== Recorded data ==

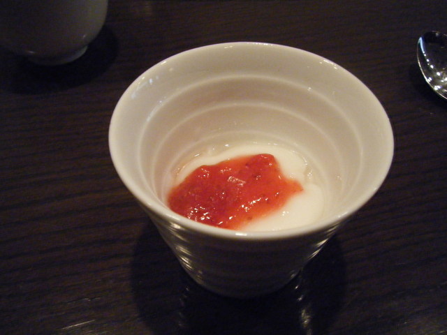 デザート(杏仁豆腐にフレッシュプルーンのソース)
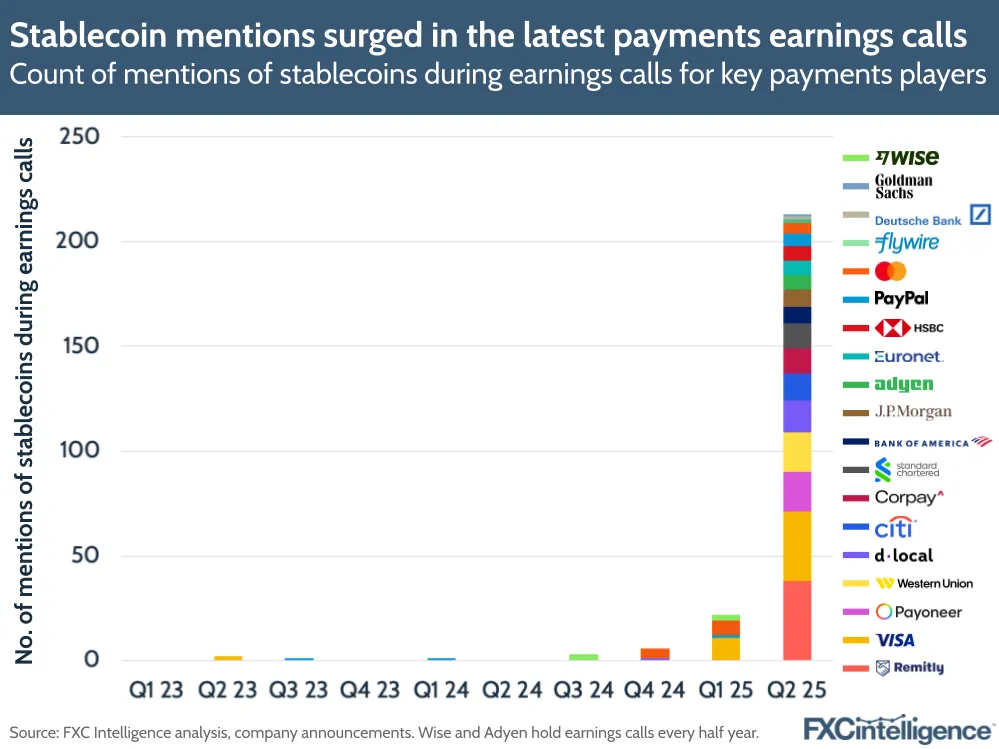 Visa saw the second-highest mentions in Q2, having had the highest number of mentions in Q1 and being one of only a handful of players to have mentioned stablecoins during their earnings calls before 2025.
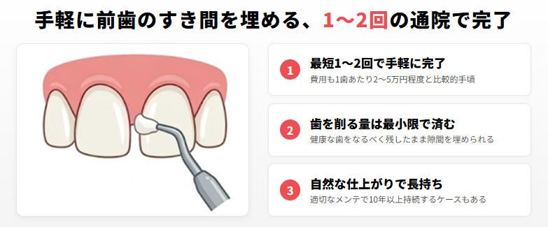 ダイレクトボンディング | 2〜5万円程度/1歯 | 通院2回程度 | 歯科用レジンを直接盛って隙間を埋める | 小さな隙間を手軽に埋めたい人 |
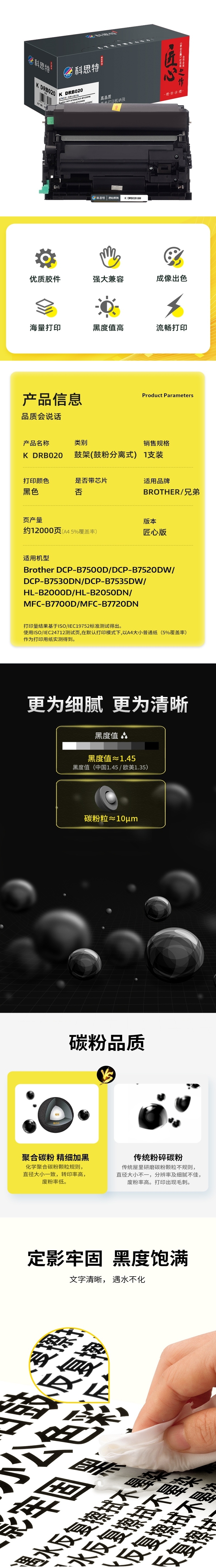 科思特(KST)兼容K DRB020 匠心版鼓架(鼓粉分离)黑色(适用兄弟Brother DCP-B7500D/DCP-B7520DW/DCP-B7530DN/DCP-B7535DW/HL-B2000D/HL-B2050DN/MFC-B7700D/MFC-B7720DN)打印页数:12000页(单位:支)
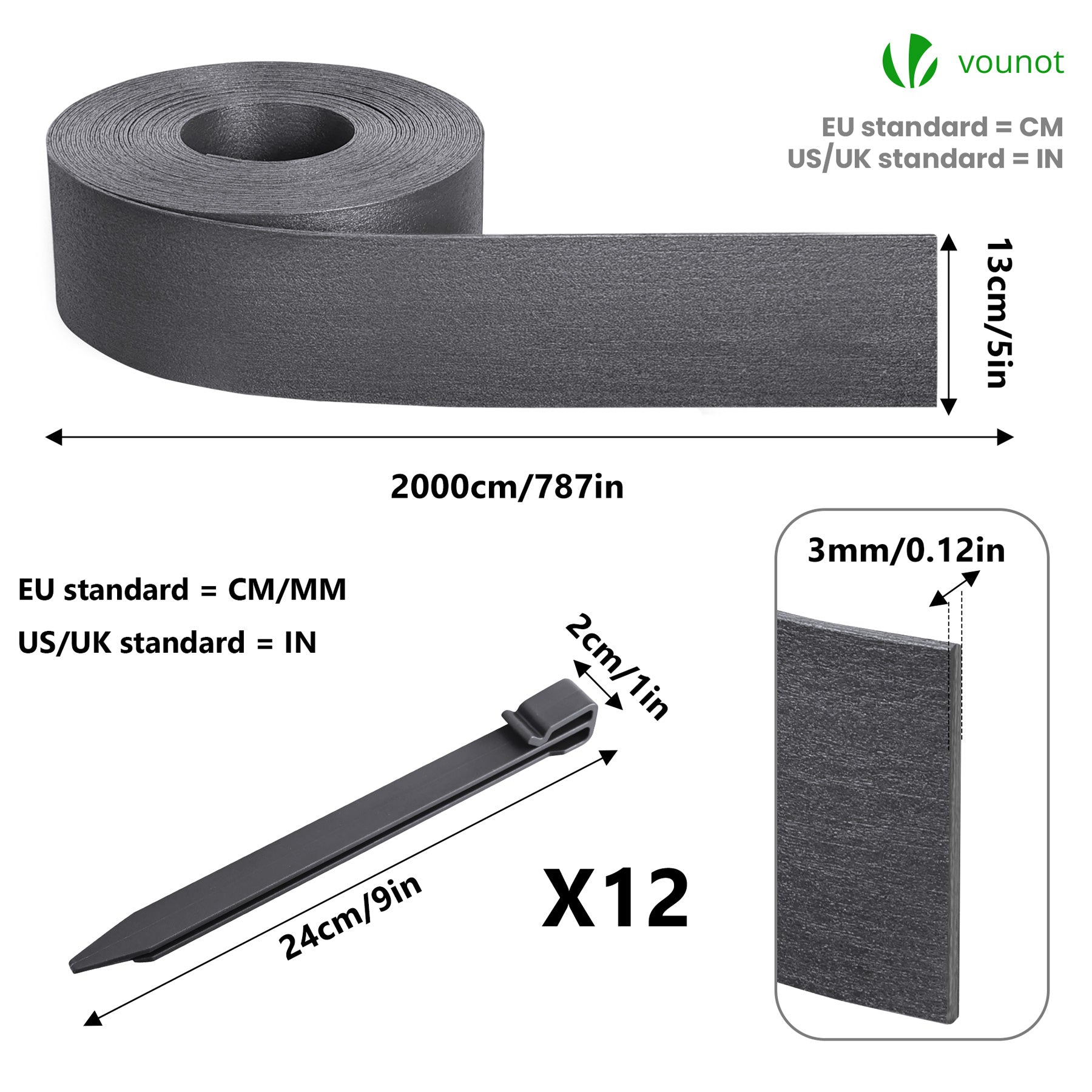 VOUNOT Bordure de jardin PE haute flexible 20M avec piquets gris

===

This exercise asks for the data above to be given again exactly, without pictures.

 デザート(杏仁豆腐にフレッシュプルーンのソース)
 Visa saw the second-highest mentions in Q2, having had the highest number of mentions in Q1 and being one of only a handful of players to have mentioned stablecoins during their earnings calls before 2025.
 ダイレクトボンディング | 2〜5万円程度/1歯 | 通院2回程度 | 歯科用レジンを直接盛って隙間を埋める | 小さな隙間を手軽に埋めたい人 |
 科思特(KST)兼容K DRB020 匠心版鼓架(鼓粉分离)黑色(适用兄弟Brother DCP-B7500D/DCP-B7520DW/DCP-B7530DN/DCP-B7535DW/HL-B2000D/HL-B2050DN/MFC-B7700D/MFC-B7720DN)打印页数:12000页(单位:支)
 VOUNOT Bordure de jardin PE haute flexible 20M avec piquets gris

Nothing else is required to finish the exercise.